PGC appoints interim chief

Harrisburg — The Pennsylvania Game Commission had one executive director as of 8 a.m. Jan. 17. It had another by 4 p.m. that same day.
And yet?
It’s searching for what will be its third director in a matter of weeks or months right now.
Director Carl Roe retired from the agency as of the close of business Jan. 17, bringing to a close a career that dates to 2001. He served as the agency’s first-ever long-range planner for about four years, then took over the top job from the retiring Vern Ross on Dec. 30, 2005.
His retirement was not entirely voluntary. Sources say his relationship with the board had grown contentious over time, and he ultimately stepped aside “for the good of the agency.”
Roe announced his retirement in July. The board did not advertise the opening until fall, though, with applications due by Oct. 31 of last year.

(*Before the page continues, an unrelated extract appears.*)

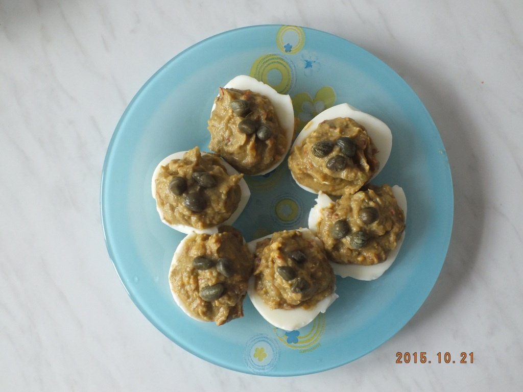 Se fierb ouăle tari, se curăţă şi se taie pe jumătate. Se curăţă de coajă fructul de avocado şi se scoate sâmburele. Roşia se curăţă de pieliţă şi de sâmburi. Cu o furculiţă se face pastă miezul de avocado şi roşia. Se adaugă ceapa tocată mărunt, sucul de lămâie, coriandrul, sarea şi pasta de ardei iute şi se amestecă bine cu furculiţa. Se scot gălbenuşurile, se mărunţesc şi se amestecă cu pasta de avocado. Jumătăţile de ou se umplu cu această pastă şi se ornează fiecare cu câte 2 - 3 capere marinate.
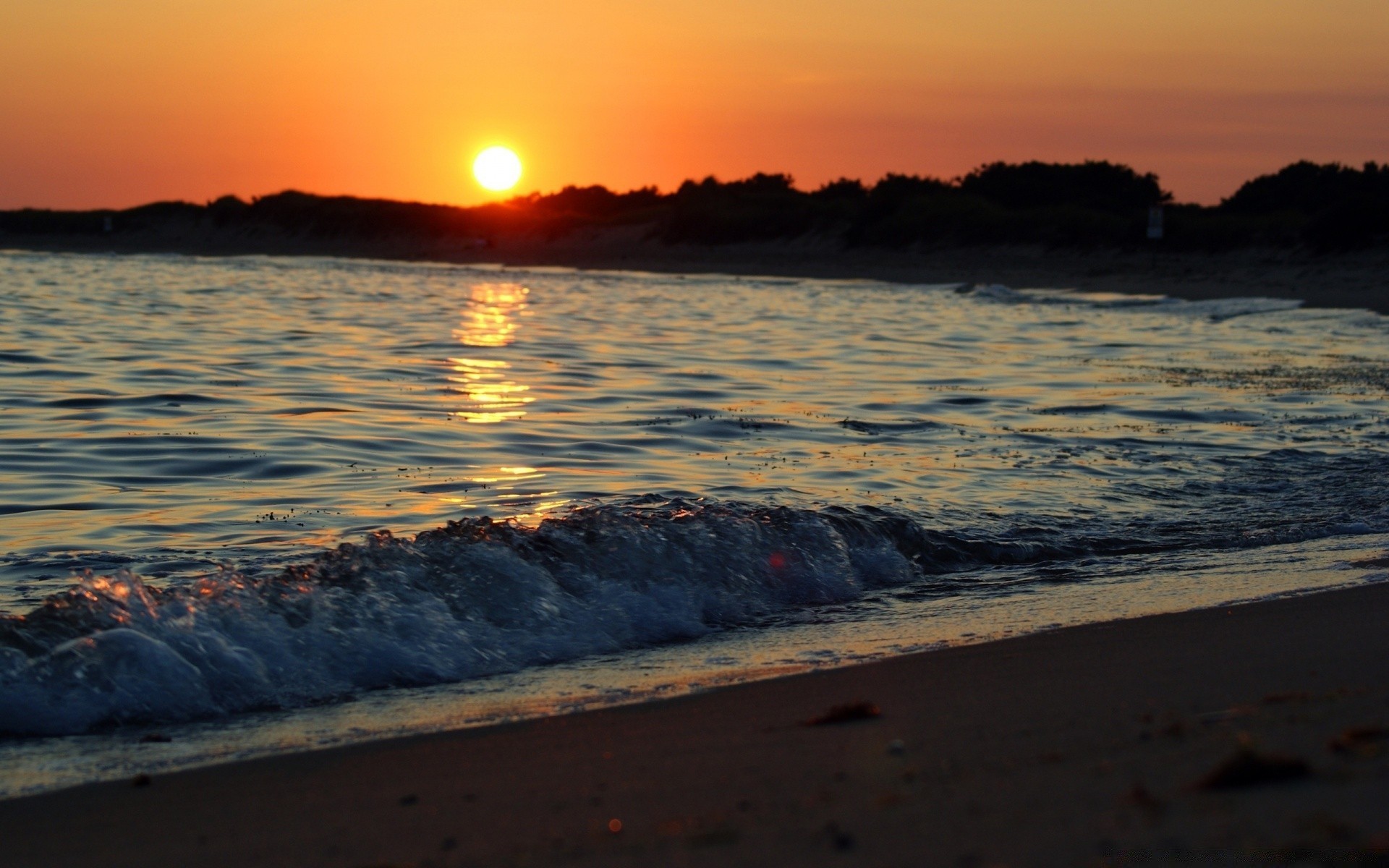 Köpüklü deniz dalgalarının üzerinde gün batımı

Thirty-three were received, said Commissioner Dave Putnam, of Centre County. The eight-member commission board reviewed those and cut the list by more than half. Further review knocked the pool of candidates down to five, including some from within Pennsylvania and some from outside.
The board – all commissioners have been invited to participate – will do interviews on Feb. 5 and 6.
“We definitely have some good people,” Putnam said, though he declined to identify any, or even say if any were already commission employees.
“We are making progress,” agreed Commissioner Ralph Martone, of Lawrence County. “It’s not necessarily speeding along, but we got some highly qualified candidates.”
In the meantime, though, the commission needed a director. Someone has to be in charge to sign land deals, approve contracts and more, Martone said. By law, that can’t be an “interim” director; someone has to be given the job officially and fully, he added.
That person is Matt Hough.
A 33-year veteran of the commission, Hough graduated from the agency’s Ross Leffler School of Conservation in June of 1981 as part of its 18th graduating class. He served as a wildlife conservation officer right out of school, first in Westmoreland County, then in his native Washington.
In 1992 he was promoted to the southwest region office, where he held a number of jobs, the last being regional director. He moved to the agency’s Harrisburg office as deputy executive director in 2010.
Hough will serve as director only until a replacement is found. Then, depending on how soon that is, he’ll either go back to this deputy director job or retire, which was already on his radar, Martone said.
While he’s in charge, his plans include conducting a full review of the agency’s finances to make sure the Game Commission will continue to prosper going forward, he said.
“I am very pleased the board of commissioners has shown its confidence in me by unanimously approving my appointment, and I will work tirelessly to continue the many successes the Game Commission has achieved over the years,” Hough said.